▸ Your goal
Among the entries below, the lines from the one with "Tento příborník je" up to and including the one with "丁女士看到的宣傳是郵儲銀行湖" are to be restated exactly, without pictures.

▸ Task data
******

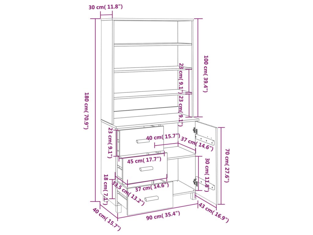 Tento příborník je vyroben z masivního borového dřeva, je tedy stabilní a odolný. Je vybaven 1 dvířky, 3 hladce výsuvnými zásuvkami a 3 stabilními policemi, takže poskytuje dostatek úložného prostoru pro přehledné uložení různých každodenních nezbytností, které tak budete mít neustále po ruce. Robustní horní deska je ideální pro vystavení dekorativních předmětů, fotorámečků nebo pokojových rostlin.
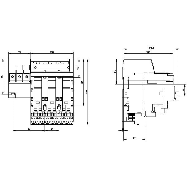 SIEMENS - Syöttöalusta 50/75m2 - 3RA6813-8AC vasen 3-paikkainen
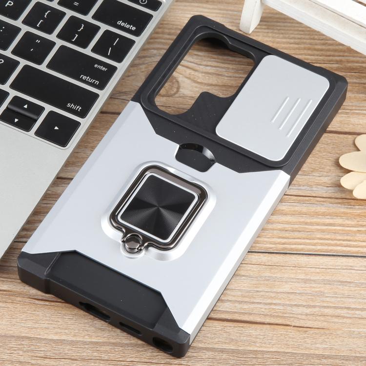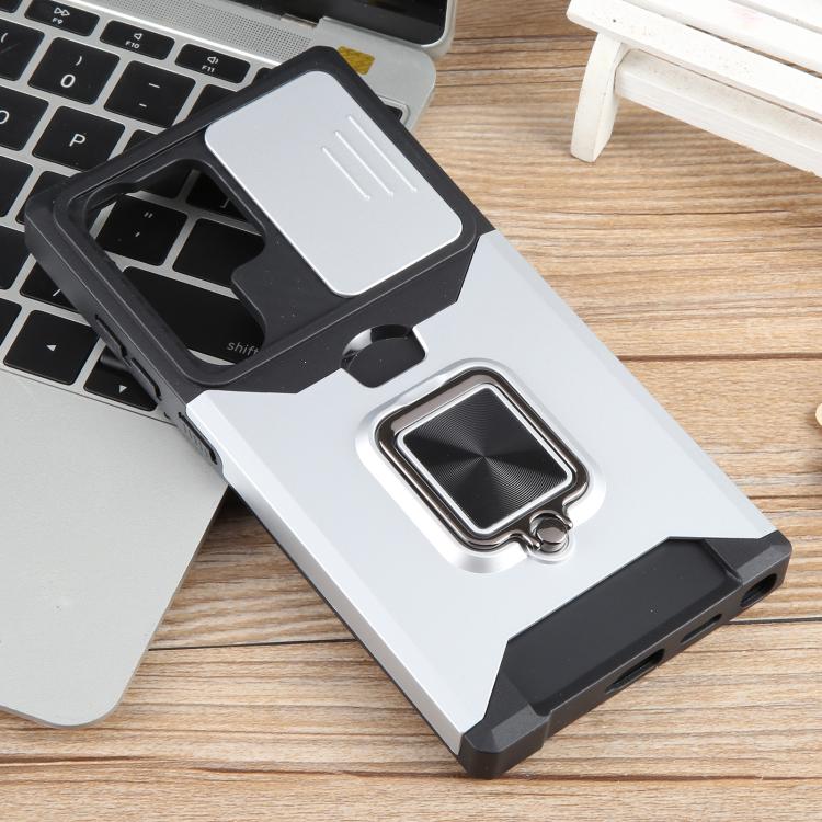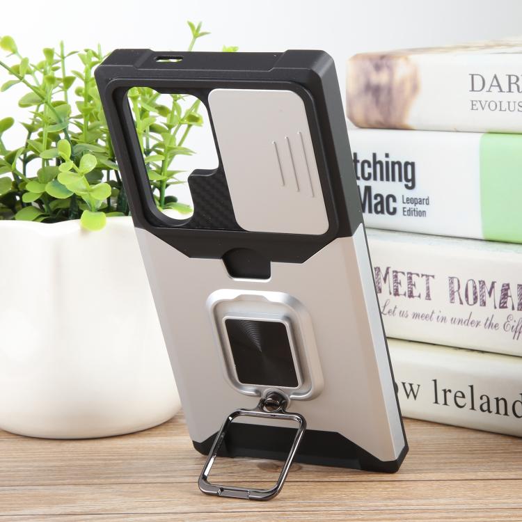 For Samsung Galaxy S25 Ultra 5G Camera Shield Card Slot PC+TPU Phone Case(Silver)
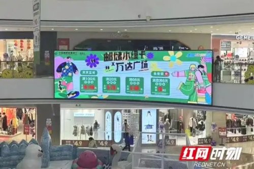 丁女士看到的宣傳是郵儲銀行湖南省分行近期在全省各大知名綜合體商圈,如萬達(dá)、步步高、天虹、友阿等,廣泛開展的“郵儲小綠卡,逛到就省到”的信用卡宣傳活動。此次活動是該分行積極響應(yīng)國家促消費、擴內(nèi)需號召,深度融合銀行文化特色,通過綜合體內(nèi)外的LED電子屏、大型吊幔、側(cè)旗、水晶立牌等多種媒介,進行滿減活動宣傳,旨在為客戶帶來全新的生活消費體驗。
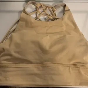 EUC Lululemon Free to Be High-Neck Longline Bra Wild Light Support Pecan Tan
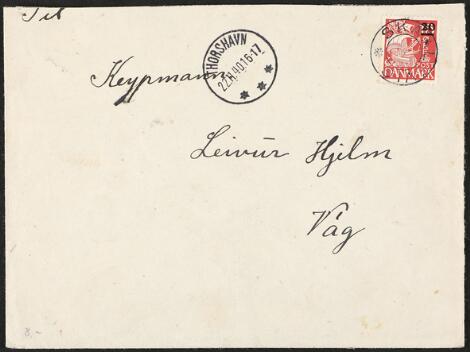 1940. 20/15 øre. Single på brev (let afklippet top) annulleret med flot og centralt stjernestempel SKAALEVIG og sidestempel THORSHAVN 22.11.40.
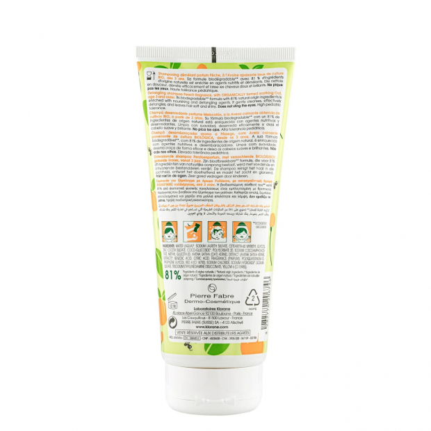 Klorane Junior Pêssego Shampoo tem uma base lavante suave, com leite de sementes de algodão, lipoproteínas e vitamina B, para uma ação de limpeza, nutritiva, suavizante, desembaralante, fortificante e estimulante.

******

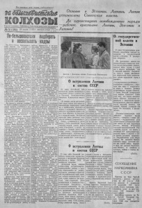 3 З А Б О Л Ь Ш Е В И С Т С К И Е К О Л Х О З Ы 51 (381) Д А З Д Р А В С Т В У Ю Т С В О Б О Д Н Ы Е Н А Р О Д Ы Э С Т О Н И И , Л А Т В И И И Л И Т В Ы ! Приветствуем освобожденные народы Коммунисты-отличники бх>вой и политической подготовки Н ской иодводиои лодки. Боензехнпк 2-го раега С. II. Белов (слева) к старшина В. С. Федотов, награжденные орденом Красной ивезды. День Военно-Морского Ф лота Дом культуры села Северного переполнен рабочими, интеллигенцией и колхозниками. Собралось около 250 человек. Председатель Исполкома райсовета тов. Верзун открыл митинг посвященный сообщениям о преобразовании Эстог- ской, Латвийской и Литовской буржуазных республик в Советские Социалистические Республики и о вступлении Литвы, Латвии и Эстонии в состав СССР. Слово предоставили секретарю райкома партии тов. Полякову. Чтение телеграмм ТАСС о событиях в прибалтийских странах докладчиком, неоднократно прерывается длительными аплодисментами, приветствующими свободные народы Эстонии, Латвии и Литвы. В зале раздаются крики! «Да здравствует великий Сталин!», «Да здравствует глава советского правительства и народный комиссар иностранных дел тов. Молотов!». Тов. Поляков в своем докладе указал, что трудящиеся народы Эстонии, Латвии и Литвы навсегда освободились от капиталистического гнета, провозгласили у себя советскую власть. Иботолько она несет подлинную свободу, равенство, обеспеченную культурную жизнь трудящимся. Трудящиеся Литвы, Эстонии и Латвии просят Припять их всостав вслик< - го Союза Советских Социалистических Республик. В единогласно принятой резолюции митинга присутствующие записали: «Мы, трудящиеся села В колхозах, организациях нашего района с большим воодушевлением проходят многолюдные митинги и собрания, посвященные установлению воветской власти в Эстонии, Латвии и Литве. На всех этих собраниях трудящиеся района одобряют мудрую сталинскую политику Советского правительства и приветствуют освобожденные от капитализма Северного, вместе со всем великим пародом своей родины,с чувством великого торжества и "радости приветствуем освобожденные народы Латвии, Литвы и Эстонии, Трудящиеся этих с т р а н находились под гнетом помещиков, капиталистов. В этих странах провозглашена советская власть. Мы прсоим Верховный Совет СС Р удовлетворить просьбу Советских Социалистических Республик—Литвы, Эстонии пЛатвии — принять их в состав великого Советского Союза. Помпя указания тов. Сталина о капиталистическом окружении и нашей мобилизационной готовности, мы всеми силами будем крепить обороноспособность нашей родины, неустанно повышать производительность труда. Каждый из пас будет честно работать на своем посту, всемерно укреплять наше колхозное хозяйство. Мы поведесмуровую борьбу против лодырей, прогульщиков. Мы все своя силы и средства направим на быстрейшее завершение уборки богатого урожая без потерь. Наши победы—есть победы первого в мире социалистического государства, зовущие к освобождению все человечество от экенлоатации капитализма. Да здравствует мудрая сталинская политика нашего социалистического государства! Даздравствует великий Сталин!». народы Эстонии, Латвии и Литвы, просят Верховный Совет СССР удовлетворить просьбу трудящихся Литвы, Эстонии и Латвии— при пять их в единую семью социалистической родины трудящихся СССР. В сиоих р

******

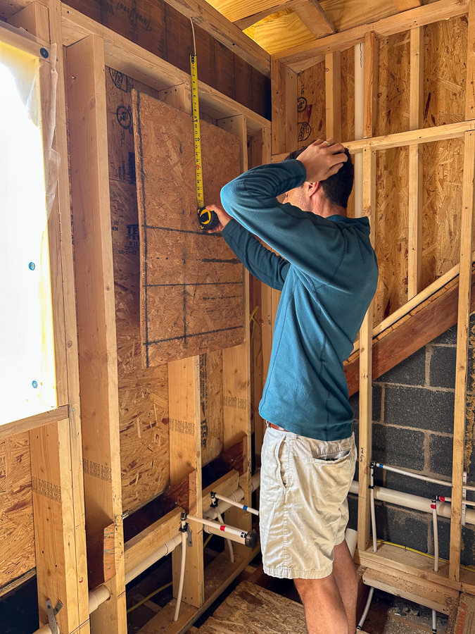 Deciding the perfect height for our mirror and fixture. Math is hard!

******

▸ Response to the exercise
 Tento příborník je vyroben z masivního borového dřeva, je tedy stabilní a odolný. Je vybaven 1 dvířky, 3 hladce výsuvnými zásuvkami a 3 stabilními policemi, takže poskytuje dostatek úložného prostoru pro přehledné uložení různých každodenních nezbytností, které tak budete mít neustále po ruce. Robustní horní deska je ideální pro vystavení dekorativních předmětů, fotorámečků nebo pokojových rostlin.
 SIEMENS - Syöttöalusta 50/75m2 - 3RA6813-8AC vasen 3-paikkainen
 For Samsung Galaxy S25 Ultra 5G Camera Shield Card Slot PC+TPU Phone Case(Silver)
 丁女士看到的宣傳是郵儲銀行湖南省分行近期在全省各大知名綜合體商圈,如萬達(dá)、步步高、天虹、友阿等,廣泛開展的“郵儲小綠卡,逛到就省到”的信用卡宣傳活動。此次活動是該分行積極響應(yīng)國家促消費、擴內(nèi)需號召,深度融合銀行文化特色,通過綜合體內(nèi)外的LED電子屏、大型吊幔、側(cè)旗、水晶立牌等多種媒介,進行滿減活動宣傳,旨在為客戶帶來全新的生活消費體驗。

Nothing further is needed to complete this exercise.